— Я не отрицаю. Был. Но я же сказал — он пропал.
— Как же вы так неосмотрительно себя вели? А? Виталий Федорович? Вещь немалых денег стоит.
— Я не понимаю, куда вы клоните, Игорь… м-м… простите…
— Игорь Николаевич, если вам угодно, уважаемый Виталий Федорович.
— Простите, Игорь Николаевич, я что-то никак не пойму вашей стратегии. При чем здесь этот кейс? Впрочем, догадываюсь. И все же объясните, если вас не затруднит.
— Объясню, не волнуйтесь. Всему свое время.

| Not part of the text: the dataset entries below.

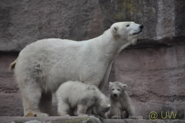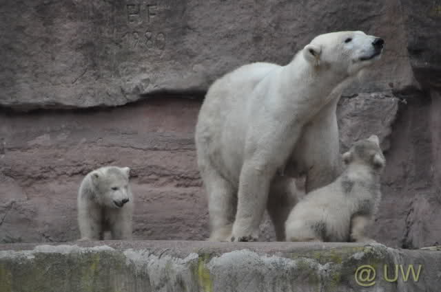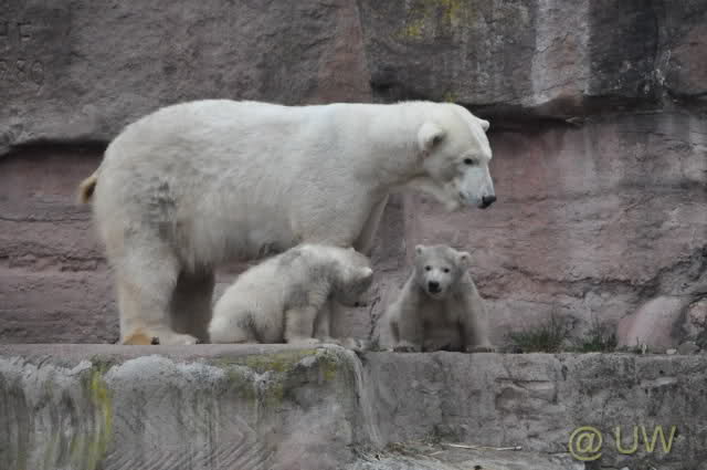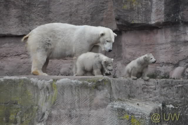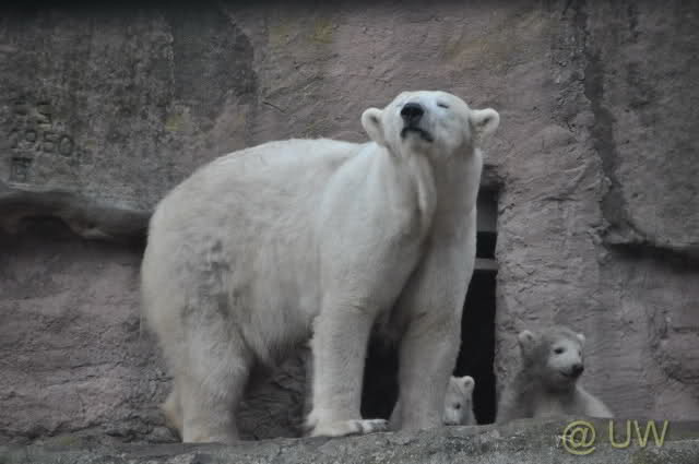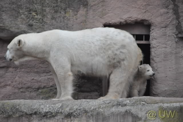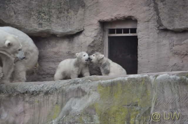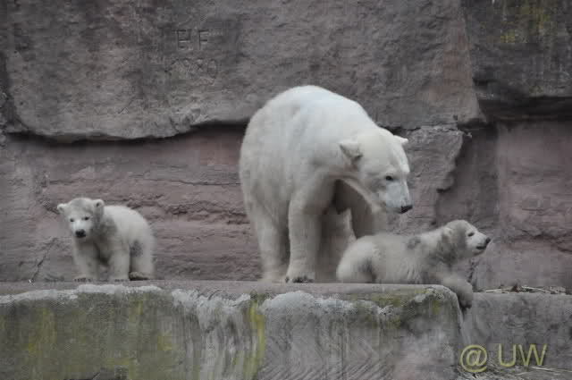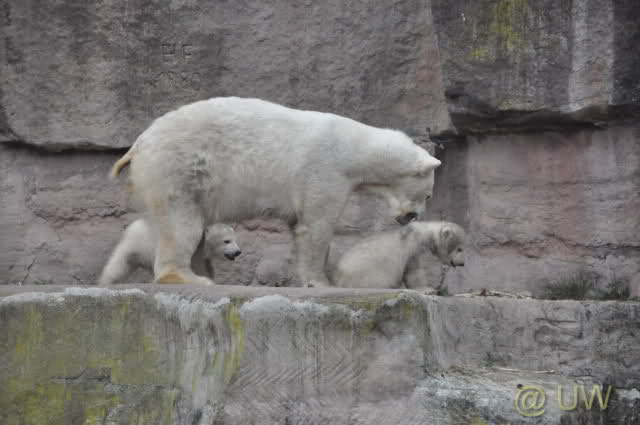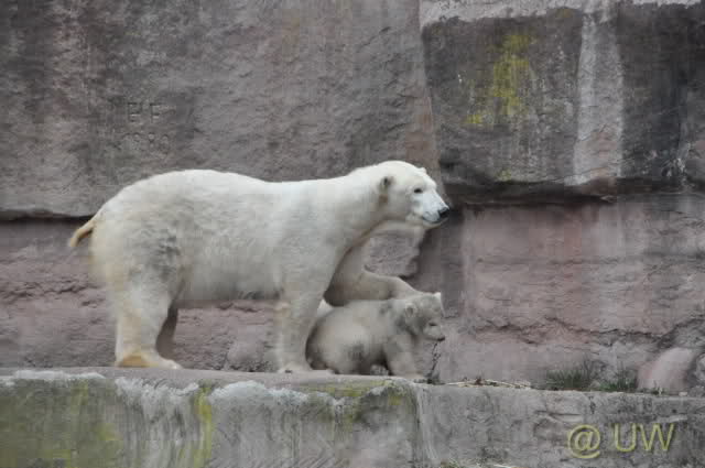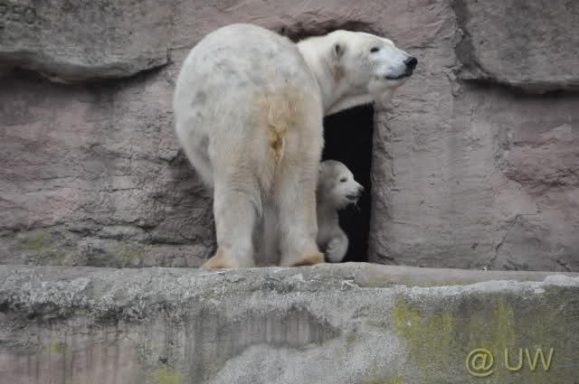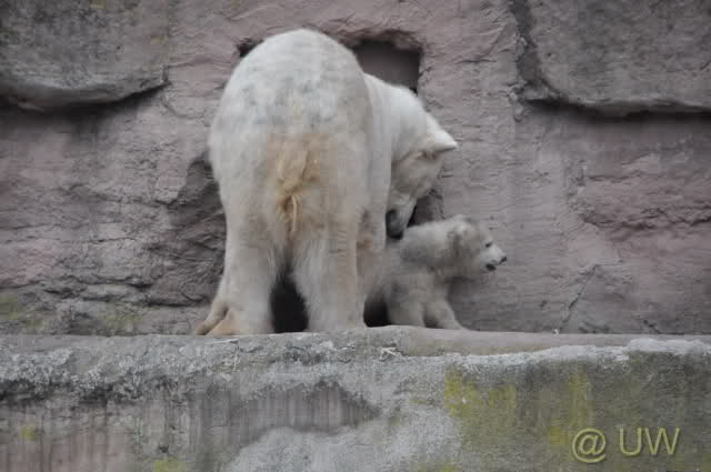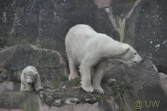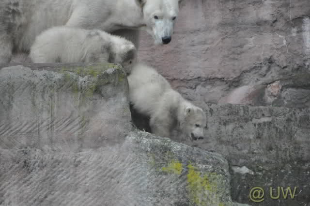 Jetzt geht es in Richtung Treppe - die Stufen sind für Eisbärbabys ganz schön hoch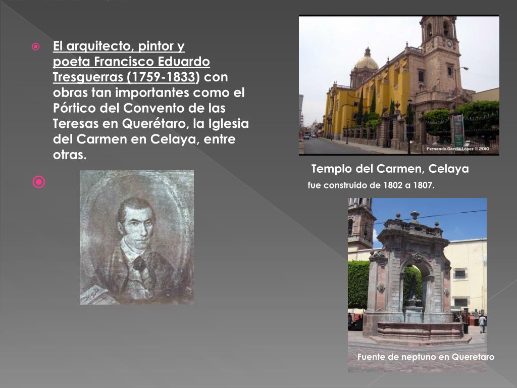 Retrato de Francisco Eduardo Tresguerras. • El arquitecto, pintor y poeta Francisco Eduardo Tresguerras (1759-1833) con obras tan importantes como el Pórtico del Convento de las Teresas en Querétaro, la Iglesia del Carmen en Celaya, entre otras. Templo del Carmen, Celaya fue construido de 1802 a 1807. Fuente de neptuno en Queretaro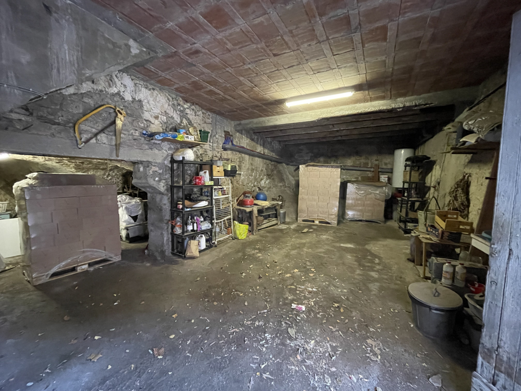 Un grand garage pouvant accueillir deux vélhicules plus une cave .Deux parcelles de terrain, une agricole et une naturelle.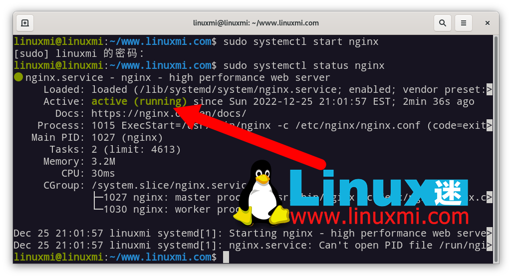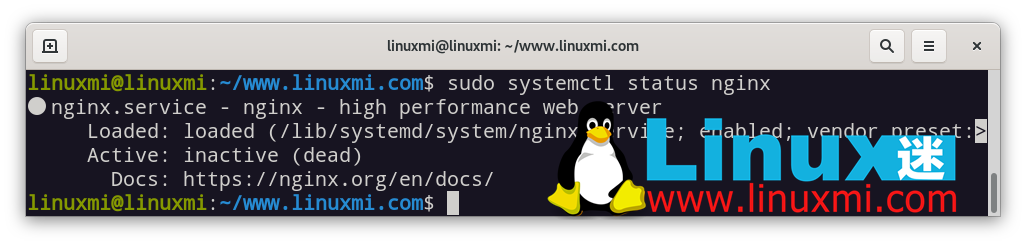 如果它未处于活动状态,请通过发出 sudo systemctl status nginx 命令来启动它:linuxmi@linuxmi:~/www.linuxmi.com$ sudo systemctl status nginx

Хотя это вы мне должны объяснить, при чем здесь эта штуковина. Но сначала давайте все же закончим. Итак, ваш это или не ваш?
— Да поймите же, таких портфелей во всем мире пруд пруди.
— Ну, допустим, не пруд…
— Ладно, согласен, таких навалом. Но все равно, я разве должен за каждый из них нести персональную ответственность, что ли?
— Хорошо. — Омельченко выдвинул один из ящиков стола и достал оттуда полиэтиленовый пакетик, в который было запаяно что-то блестящее, протянул Проскурцу. — А это говорит вам о чем-нибудь?
Проскурец взял двумя пальцами пакетик и тут же увидел, что в нем находится медная пластина, на которой выгравирована надпись: «Виталию Федоровичу Проскурцу от любящих коллег в день 50-летия. 15.06.94 г.».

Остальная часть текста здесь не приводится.